The Post Graduate Diploma in Global Health Research is guided by a dedicated team of academics, lecturers, tutors, and administrative staff. Each member is committed to delivering the course with professionalism, convenience, and excellence.

    

 

Professor Trudie Lang, Academic Lead

Trudie spent the first 12 years of her career in the pharmaceutical industry where she ran clinical trials from phase I through to phase IV in malaria, helminth infectious and diarrheal disease in Africa, Asia and South America. Trudie has worked within the varied settings of industry, public private partnerships, the World Health Organisation, NGOs and academia where she has designed and operated clinical studies in highly varied international settings, particularly in low resource areas within vulnerable populations. Trudie is now focused on developing research capacity and improving research methods in developing countries. She devised The Global Health Network which is a global decentralised franchise network that is driving equity in where research happens, who leads and who benefits from the evidence. It works by transferring know-how and exchanging knowledge between organisations, disease areas, regions, and roles and by guiding faster and improved research processes. This platform is working online and, in the regions, to improve and encourage clinical research in places, situations and places where research is lacking, such as diseases of poverty and outbreaks.

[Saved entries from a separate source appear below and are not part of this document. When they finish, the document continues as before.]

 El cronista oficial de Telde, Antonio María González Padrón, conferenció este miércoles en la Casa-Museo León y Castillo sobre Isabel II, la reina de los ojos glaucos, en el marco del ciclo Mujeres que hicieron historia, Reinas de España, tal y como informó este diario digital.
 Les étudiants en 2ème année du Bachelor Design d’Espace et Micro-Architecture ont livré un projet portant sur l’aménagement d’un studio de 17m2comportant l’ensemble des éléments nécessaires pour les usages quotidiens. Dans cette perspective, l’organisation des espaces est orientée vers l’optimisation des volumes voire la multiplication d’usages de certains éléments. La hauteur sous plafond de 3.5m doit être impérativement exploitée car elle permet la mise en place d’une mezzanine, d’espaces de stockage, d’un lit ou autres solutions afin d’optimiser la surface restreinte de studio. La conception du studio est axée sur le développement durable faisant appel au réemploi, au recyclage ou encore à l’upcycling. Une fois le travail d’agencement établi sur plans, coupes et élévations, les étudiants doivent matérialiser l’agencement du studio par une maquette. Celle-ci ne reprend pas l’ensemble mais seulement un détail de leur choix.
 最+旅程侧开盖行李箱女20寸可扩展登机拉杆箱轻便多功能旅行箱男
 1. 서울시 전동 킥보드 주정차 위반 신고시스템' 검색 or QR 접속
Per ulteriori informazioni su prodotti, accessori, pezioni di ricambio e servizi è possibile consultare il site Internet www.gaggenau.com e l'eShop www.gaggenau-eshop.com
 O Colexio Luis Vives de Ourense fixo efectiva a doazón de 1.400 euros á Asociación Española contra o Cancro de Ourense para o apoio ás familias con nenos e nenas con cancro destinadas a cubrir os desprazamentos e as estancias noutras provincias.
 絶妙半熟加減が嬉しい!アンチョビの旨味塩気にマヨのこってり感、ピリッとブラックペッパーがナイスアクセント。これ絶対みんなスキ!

Dr Elizabeth Allen, Acting Course Director

Elizabeth is a pharmacist by background with an MPH and PhD Clinical Pharmacology. She worked in the UK and South African pharmaceutical industries, then academic clinical research, leading operations for the University of Cape Town’s MRC Collaborating Centre for Optimising Antimalarial Therapy, overseeing all types of clinical studies and methodology research. Until recently she was Strategic Partnerships Lead for The Global Health Network, contributing to enabling equity in health research by improving methods, building careers and sharing knowledge. In other roles, she has managed the Southern African Regional Centre for the Infectious Diseases Data Observatory, working on individual patient data meta-analyses and capacity for equitable data sharing. She is co-lead for the UK MRC-NIHR Trials Methodology Research Partnership Global Health Working Group, is on the International Scientific Committee for VolREthics, an initiative proposing good practices to protect healthy volunteers in research, and she teaches and supervises post-graduate students in pharmacovigilance and trial conduct.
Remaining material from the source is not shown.